Теплый ветерок забирается за просторный ворот моего матросского костюма и щекочет тело. Я лежу на отшлифованной гальке и улыбаюсь редким облакам, солнцу, морю. У ног толкуют волны. О чем? Разве я знаю? Может быть, о том, как спорили с буйными ветрами, как жарко под экватором, как вольно им живется на просторе. Над городом, что разбрелся по широкому плоскогорью с редкой зеленью, мутно от чада и пыли. А здесь светло и радостно. И в моей душе — ясное утро тропических морей.

Осиротел я очень рано. Восьмилетним мальчиком попал в большой портовый город. Никого из своих. Только один дядя, содержатель маленькой лавчонки. Я помогаю ему торговать дрянной колбасой и «собачьей радостью»: рубцом, печенкой, легкими.

Наша квартира — на окраине города. Здесь ютится нищета, оборванная, чахлая, изглоданная нуждою. А на главных улицах — богатство и роскошь. Магазины — чего только в них нет! Разбегаются детские глаза, кружится голова.

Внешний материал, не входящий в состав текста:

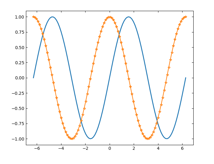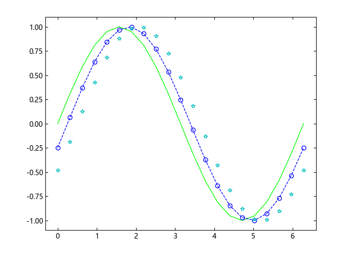 绘制三条正弦曲线,每条曲线之间存在较小的相移。第一条正弦曲线使用绿色线条,不带标记。第二条正弦曲线使用蓝色虚线,带圆形标记。第三条正弦曲线只使用青蓝色星号标记。

Но больше всего меня занимало море. Эх и размахнулось же оно! Куда ни глянь — все вода. Иногда она затягивается синим атласом. Солнце огневыми ладонями разглаживает морщины, вышивает золотые узоры. Нельзя оторвать глаз. Потом откуда-то прилетит ветер. В его поступках есть что-то мальчишеское. Он любит поиграть, выкинуть ту или другую каверзу. Нагонит столько туч, что залепит ими все небо, и начинает биться невидимыми крыльями о поверхность моря. Золотые узоры исчезают. Все смято, встрепано. Поднимается гул и рев. Я тогда смотрю на море с боязливым любопытством. Бездны его выворачиваются наизнанку. Горбатые волны кажутся демонами. Это они, лохматые и седые, катаются по взъерошенной воде и громко ржут…

Чего только не придет в детскую голову!

Дядя мой скоро пропился вдребезги. Устроил меня поводырем у слепого музыканта, что жил с нами на одной квартире. Строго наказал:

— Слушайся его. Старик он хороший.

А сам переехал в другой город.

Помню — на старике потертый клетчатый костюм, широкополая соломенная шляпа. Лицо у него — как у апостола Павла, что нарисован в нашей церкви. Имя — Влас Власович.

Я вожу его ночью по домам, у которых горят красные фонари. Он играет на скрипке. В его умелых руках скрипка поет на разные голоса, рыдает, смеется, выводит такие трели, что заслушались бы сами жаворонки. В такие моменты я искренне люблю старика. Любят его и накрашенные девицы.

— Влас Власович! Еще что-нибудь! Чувствительный романс…

Слепой музыкант продолжает свою игру, а я с фуражкой в руках обхожу публику.

Каких только мужчин здесь нет! Пожилые, почтенные отцы семейств и безусые юноши, почти мальчики. Одни из них уходят, другие приходят. Торгуются с женщинами, говорят о похабщине со смаком, как о сладких пирогах. Вообще здесь все происходит проще, чем на собачьей свадьбе.